Wine Fraud - Label Fraud

Label Fraud

One form of fraud involves affixing counterfeit labels of expensive wines to bottles of less expensive wine. This practice became particularly prominent following the devastation of the phylloxera epidemic in the 19th century when the supply of expensive premium wine was scarce. At first, the label fraud mostly consisted of taking a wine from a region of lesser acclaim (such as Southwest France or Calabria in Italy) and then labeling the wine as if it came from more prestigious regions such as Bordeaux or Tuscany. To counter this type of fraud, governments developed extensive appellation systems and Protected Designation of Origin or (PDOs) that attempted to regulate wines labeled as coming from particular wine regions. Early attempts to protect the name of a wine region lead to government declaration on the boundaries and wine permitted to carry the names of Chianti, Oporto and Tokaji. Today most major European wine producing countries have some appellation system of protected origins. The most well systems include the Appellation d'origine contrôlée (AOC) used in France, the Denominazione di origine controllata (DOC) used in Italy, the Denominação de Origem Controlada (DOC) used in Portugal, and the Denominación de Origen (DO) system used in Spain. Producers who are registered in each appellation must abide by the appellation's rules, including exact percentage of grapes (often 100%) that must come from that region. Producers who fraudulently use grapes outside the region they are proclaiming on their wine labels can be caught by the appellation's authorities.
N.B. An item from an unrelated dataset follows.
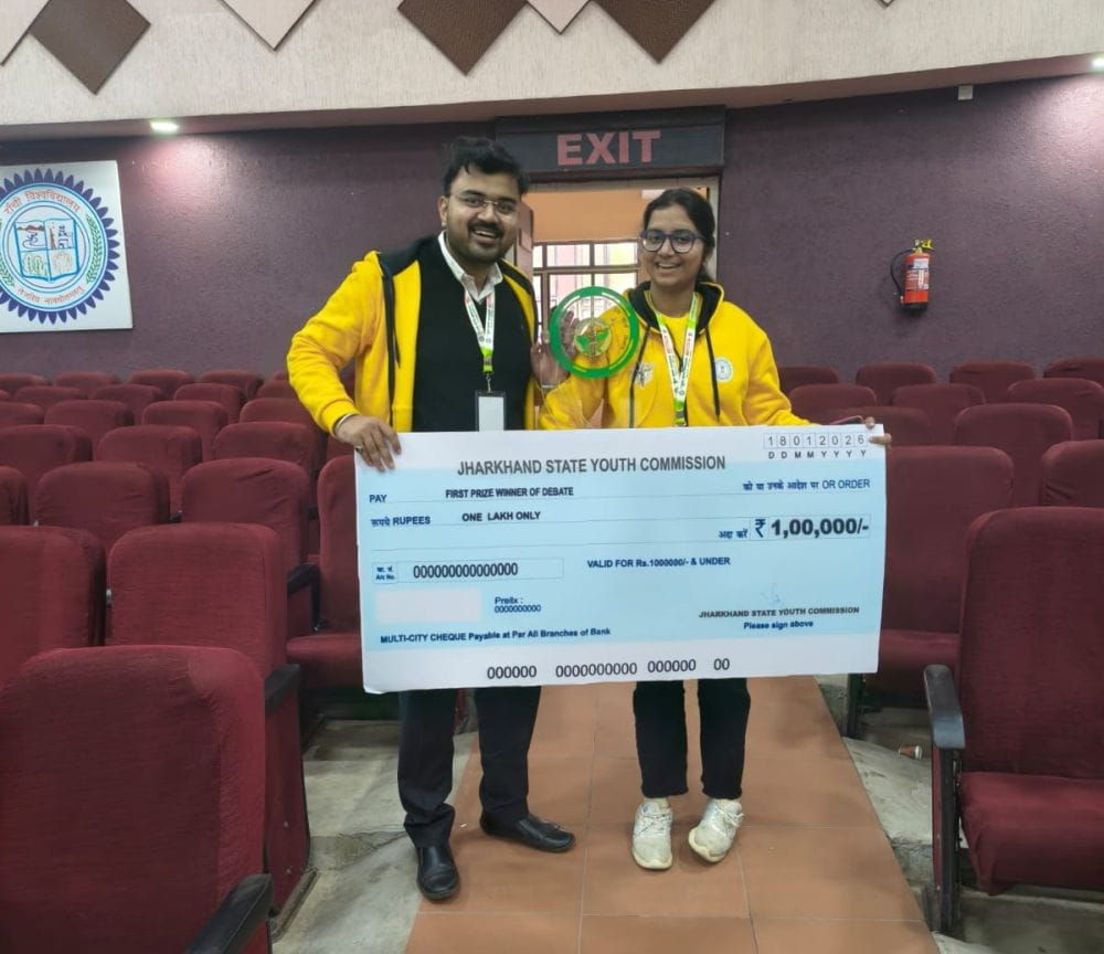 Students of the National University of Study and Research in Law (NUSRL), Ranchi, delivered an outstanding performance by winning the Inter-University Debate Competition at the Yuva Gyan Samagam 2025–26, a prestigious three-day state-level event held from January 16 to 18, 2026.

As it became more difficult to fraudulently label wines with the wrong provenance, label fraud soon evolved to the pilfering of the identities of wine estates themselves. Merchants would take the bottles of lesser priced wines and label them with the names of the finest classified Bordeaux estates or Grand crus of Burgundy. Label fraud, to be done well, requires bottles, corks, and packaging to be similarly manipulated. Reporter Pierre-Marie Doutrelant "disclosed that many famous Champagne houses, when short on stock, bought bottled but unlabeled wine from cooperatives or one of the big private-label producers in the region, then sold it as their own". A high-profile instance of alleged wine fraud was disclosed in early 2007, when it was reported that the Federal Bureau of Investigation had opened an investigation into the counterfeiting of old and rare vintages.